Lesion overlap in the left pericentral region showed involvement of the inferior frontal gyrus (pars triangularis and pars opercularis), Rolandic operculum, middle frontal gyrus, precentral gyrus, post-central gyrus, and dorsal insula (Figure 5). The greatest area of overlap was in the left precentral gyrus (Figure 5).

FIGURE 5

FIGURE 5. Axial slices from T₁-weighted MRI images in Montreal Neurological Institute space showing lesion overlap in three patients with loss of regional accent (A). The average lesion density shows involvement of pericentral areas which are considered key components of the large-scale network mediating speech production.

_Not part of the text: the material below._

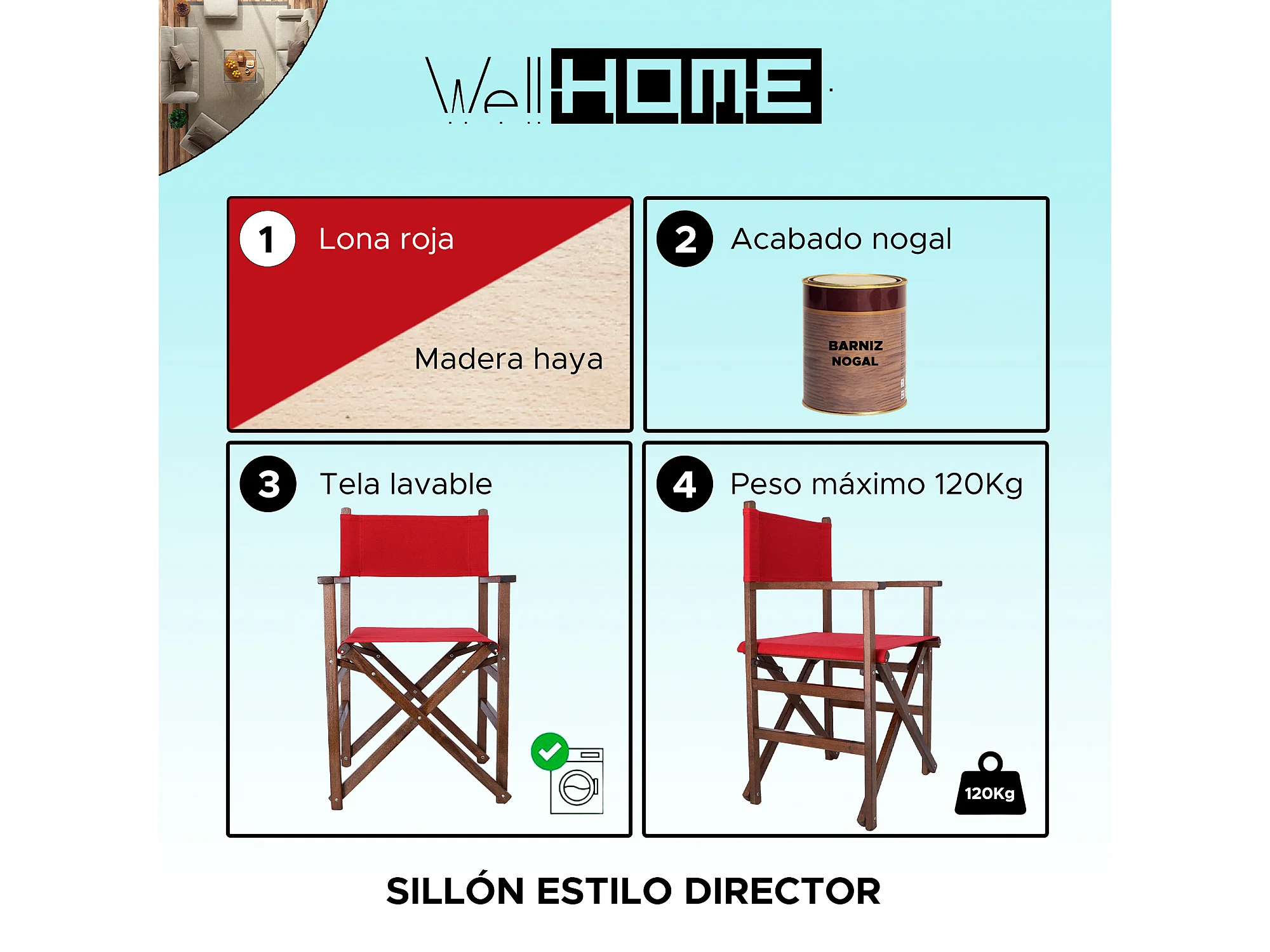 Chaise de réalisateur structure noyer et toile marron, 51x46x86 cm

The color bar below (A) indicates the number of patients contributing to the average lesion image in both groups. (B) Shows the greatest area of lesion overlap in all three patients involving the medial part of the left precentral gyrus (red). (C) Depicts the areas of lesion overlap superimposed on the Automatic Anatomical Labeling (AAL) atlas (Tzourio-Mazoyer et al., 2002). L: indicates left.